Living under the expectation of many, I demanded that I be the cream of the crop in my classes. Whenever I studied late at night, I always thought about how precious this time for myself was because I might not have it tomorrow since I needed to babysit my cousins or take Grandpa to the hospital.

This is the world I come from-a world that shaped my dream through hardships and motivated me through challenges-a world in which every struggle encountered contributes to the formation of a professional doctor. And In the end, this world rife with arduousness turned out to be more of a fortune than a burden.

Essay # 2: Tell us about a personal quality, talent, accomplishment, contribution or experience that is important to you. What about this quality or accomplishment makes you proud and how does it relate to the person you are?

Lying on a hospital gurney, Mom was pushed through an aisle where doctors and nurses stood with their heads down. After months of taking radioactive treatments, intravenous drips, pills, eating a controlled diet, and suffering, she now lies still, having enjoyed only thirty seven years of life.

From this last memory of my mother, I witnessed the transient essence of life. Moreover, I learned the lesson that I should not only take chances, but also look for more of them. Frequently developing this idea and practicing it, I become a person who indefatigably challenges himself.

For instance, when I came to the United States, my foremost difficulty was language. At first, "I don't know" was the standard answer to almost all questions. However, after memorizing fifty vocabulary words each day, I soon overcame communication problems. At about the time I could recite Dr. King's "I Have a Dream" speech easily, I progressed beyond the English Learner Program, capable of performing in school at the same level as native speakers.

Wishing to become a more competitive student, I joined the band. Although I knew nothing about playing and marching, I took on the challenge. Since I did not know how to side read, I had to practice the same measure over and over. I practiced from eight to twelve in the morning playing "Earth, Wind, and Fire" and from one to five in the afternoon marching the show. Wanting to use every ounce of my spare time, I even used water breaks to ask section leaders about measures that were giving me trouble. That was how I spent the summer of my sophomore year, playing under the maple trees for four hours and sweating in the dusty field for another four hours. In only four months, I was able to participate in the field show just like other band members.

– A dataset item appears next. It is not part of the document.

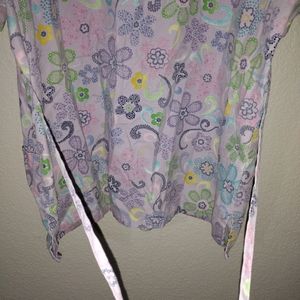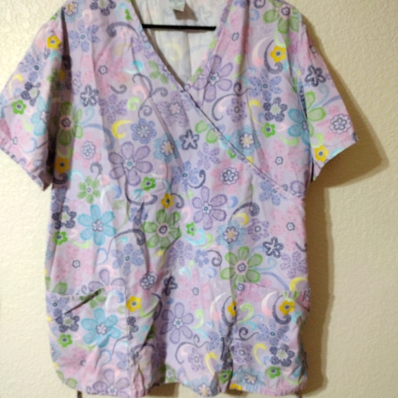 Scrub Top in size XL. Has a tie in the back. 65% polyester and 35% cotton.

Looking back, I feel extremely proud about my growth and accomplishments in only four and half years since my immigration. My evolution into someone who is self-challenging helped me overcome many of the obstacles I have faced. It has been the propulsive that granted me my proud high school records, and it will continue to be the driving force in college, my future vocation, and the rest of my life.
EF_Kevin 8 / 13,321 129  
Nov 5, 2009   #2
Hi Amy,

Please go help a few other people, especially those who seem to be struggling with a language barrier, because you can help them a lot! You can also help people whose essays impress you and ask them to click your username to find your essays and return the favor.

...confirmed by the atmosphere in the ward. (Stumbling and gravity go together in a funny way that does not apply here)

Oh, I'm so sorry you lost your Mom. I think you did a good job of explaining how it motivated you to be a doctor. You can make this better by telling the reader that you started learning about oncology, and then you became interested in other medicine as well. Cite some articles, and show us that you are already becoming an expert because of how driven you are!

the first 2 paragraphs of the 2nd essay belong with the first essay. You should start essay #2 with:
For instance, When I came...

That way, it will be all about your accomplishment of learning language. The first 2 paragraphs are about a different subject.

I hope you have lots of success as a physician!!